Руководство для девушек по охоте и рыбной ловле - Бэнк Мелисса - Страница 26
- Предыдущая
- 26/45
- Следующая
7
Через несколько часов мы оказались на Лонг-Бич-Айленд и проехали мимо мотеля «Океанский пейзаж», бара «На побережье», бухты «Песчаная гряда». Какой полет фантазии! А дальше — киоски с мороженым, украшенные яркими желтыми и розовыми вывесками. Потом пошли простые дома и длинный неосвещенный участок трассы, и наконец мы въехали в сосняк, скрывавший наш дом от дороги.
Отец сменил старые, практически не дававшие света фонари на прожектора, и дорога была буквально залита огнями. На секунду я забыла о болезни отца и просто обрадовалась, что оказалась дома; вступая в яркий свет прожекторов, я, как обычно, пошутила: «Ат-ти-ка! Ат-ти-ка!»
Войдя на кухню, мы слегка пошатывались от головокружения после долгой дороги.

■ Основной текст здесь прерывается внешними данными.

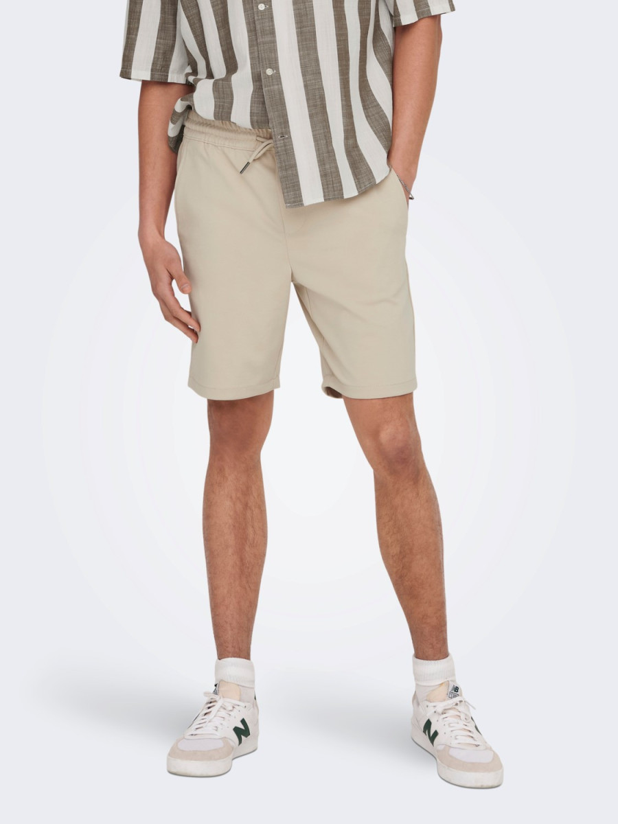Ampliar Fabricado con un suave tejido elástico de alto rendimiento para garantizar un ajuste perfecto y comodidad durante todo el día. -Tipo de detalle: Pantalón corto tipo jogger. -Cierre: Bragueta con detalle de pespuntes. -Corte : Regular Fit. -Tipo de cierre : Cordón sin fijar.

Генри открыл холодильник.
Отец вышел к нам в пижаме и халате из индийской льняной полосатой ткани. Он поцеловал Генри и меня и сказал Ребекке, что рад с ней познакомиться. Он выглядел несколько бледным, и я вспомнила, что он перестал играть в теннис с тех пор, как заболел опоясывающим лишаем.
Мама появилась в купальном халате, ее волосы были с одного бока приглажены, с другого взбиты в замысловатый пучок. Сонным голосом она спросила, не желаем ли мы холодного цыпленка. Она всегда нам его предлагала.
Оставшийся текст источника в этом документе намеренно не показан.